▸ **GIVEN DATA**:

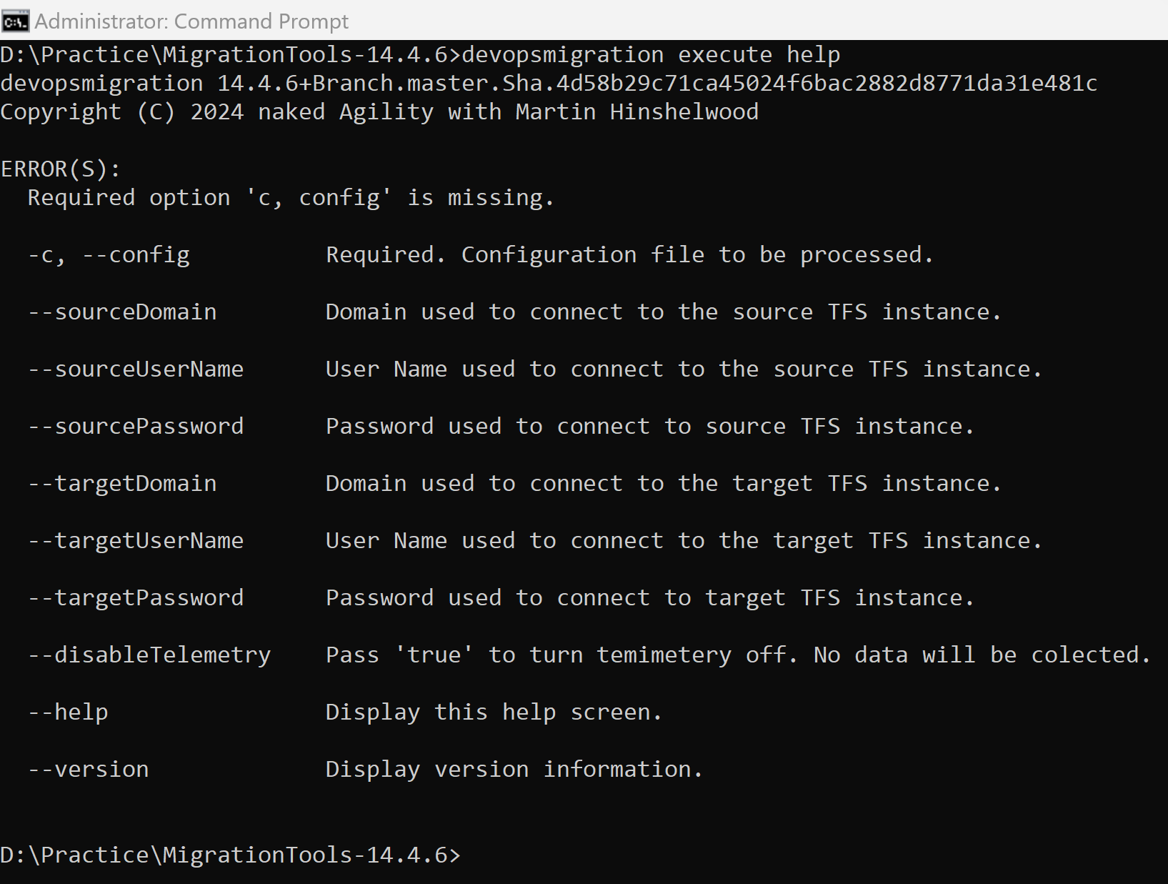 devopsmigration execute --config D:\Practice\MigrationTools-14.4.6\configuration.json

==

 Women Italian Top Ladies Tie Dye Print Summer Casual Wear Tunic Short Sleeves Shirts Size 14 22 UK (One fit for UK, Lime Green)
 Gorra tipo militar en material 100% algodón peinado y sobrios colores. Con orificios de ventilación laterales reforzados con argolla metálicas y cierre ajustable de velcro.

▸ **THE PROBLEM**: From the listing above, the lines starting with the one that has "Women Italian Top" and running through the one that has "Gorra tipo militar" should be copied exactly, ends included.

▸ **SOLUTION TO THIS TASK**:
 Women Italian Top Ladies Tie Dye Print Summer Casual Wear Tunic Short Sleeves Shirts Size 14 22 UK (One fit for UK, Lime Green)
 Gorra tipo militar en material 100% algodón peinado y sobrios colores. Con orificios de ventilación laterales reforzados con argolla metálicas y cierre ajustable de velcro.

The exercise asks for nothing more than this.